To show what Alloy is, let’s take a look at a very simple model of a Java Map. Let’s start with the keys and values type:

sig Object {}

The sig keyword defines a type, like a class in Java. However, in Alloy a type is the name of a table consisting of atoms. Actually, every time you use a name in Alloy, which act like variables or types in Java, it is actually a table of atoms. In Alloy, singletons, null, collections, methods, and types are all tables under the hood. In this, atoms are just an identity, they have no properties, just a unique identity. (We give them a name for convenience but they are just unique identities in the universe.)

A table is a set of tuples of atoms. If we use the curly braces for sets ({}) and parentheses (‘()’) for a tuple then the sig Object represents a table with a single column and an infinite number of rows. An example:

{
  (o1) 
  (o2)
  (o..)
  (o∞)
}

The ox values are the atoms, for convenience we label them.

Structure

Since we now have a model for the Java Object type, we need to define a model for the Java Map’s entries. clearly, a Map is also a table of atoms in Alloy, just like Object. A Map atom identifies one possible Map in the universe of all possible Maps. If all we have is tables then the entries should also be a table and look like:

{
  (m1,o1,o1) 
  (m1,o..,o..) 
  (m1,o∞,o∞) 
  (m..,o1,o1) 
  (m..,o..,o..) 
  (m∞,o1,o1) 
  (m∞,o..,o..) 
  (m∞,o∞,o∞) 
}

This is a table of atoms of type (Map,Object,Object) that holds every possible combination of these atoms. Also known as the cartesion product of Map×Object×Object . That is, any combination of Map, Object, and Object you can think of is present in one row in that table. Since you have an infinite number of Map and Object atoms, the table is impressively long. Since we do not have that space, not even on Github, the infamous elllipse (‘..’) is used to mark the intermediate rows.

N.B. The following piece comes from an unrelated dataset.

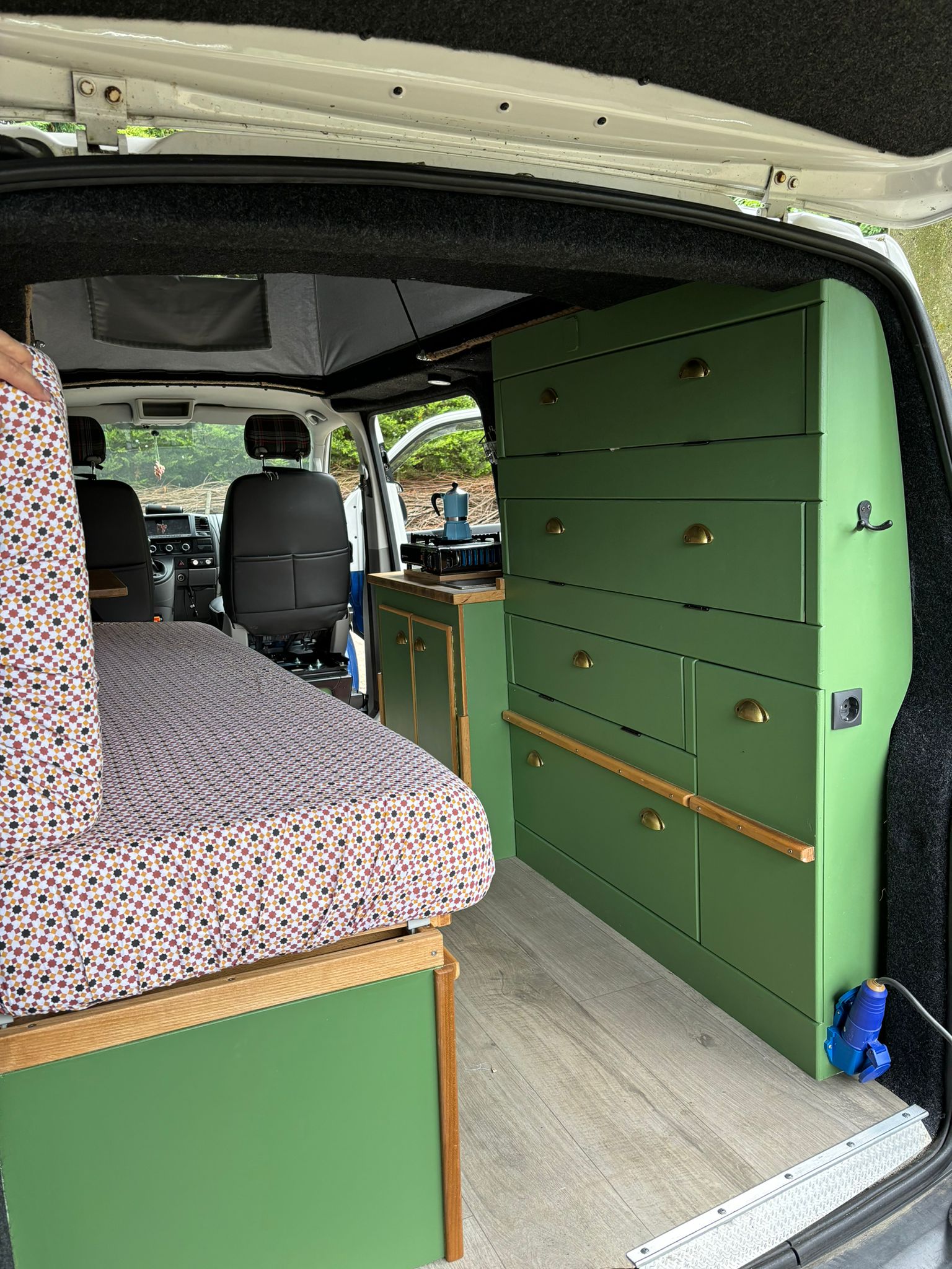 We wilden eerst een T4 kopen, maar veel bussen bekeken en veelal waren dit grote roesthokken. Daarom toch voor een nieuwere bus gegaan met een hogere KM stand.

In Alloy, you define this table in a surprisingly familiar way:

sig Map {
  entries : Object -> Object
}

The sig Map defines a Map table, holding our Map atoms like Object. The entries acts as you expect but not for the reasons you expect it! That is, entries does not define a field of a Map, it instead defines a table called entries. This tables is a subset of the table that was the cartesian product of Map×Object×Object.

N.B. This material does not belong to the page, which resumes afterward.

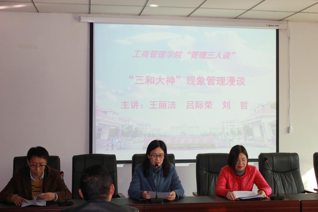 为了营造浓厚的学术氛围,进一步提高应用型大学人才培养质量,365英国上市公司结合教育思想大讨论学习活动,邀请人力资源教研室王丽洁教授、吕际荣和刘哲老师于11月8日下午成功举办第四期“管理三人谈”。本期主题为“三和大神现象管理漫谈”,论坛由副经理姬爱国主持。
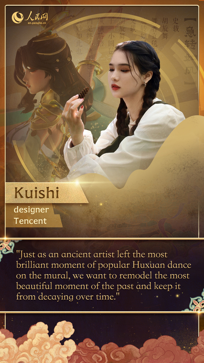 The new skin became a hit in the game industry. Kuishi and her colleagues successfully helped this age-old performance stage a comeback. "Just like the ancient artist left the most brilliant moment of popular Huxuan dance on the mural, we want to remodel the most beautiful moment of the past and keep it from decaying over time," said Kuishi.

Notice that entries is a table with 3 columns, the first column is for the the Map atom, the second the key atom, and the third the value atom, or (map,key,value) of type (Map,Object,Object). For a Java developer this is confusing since we usually go out of our way to keep fields a local detail of the object. However, in Alloy entries is actually a global table that can be used anywhere in the specification document. This is very similar to the SQL table model that also has no hiding.

Constraining

In our entries table we allow a mapping from any Object to every Object in the universe. In Java, this is not the case. A Java Map can only hold a limited set of keys (memory is so constraining) and each present key can map to only one value. We therefore need to constrain the entries table to model this Java limitation.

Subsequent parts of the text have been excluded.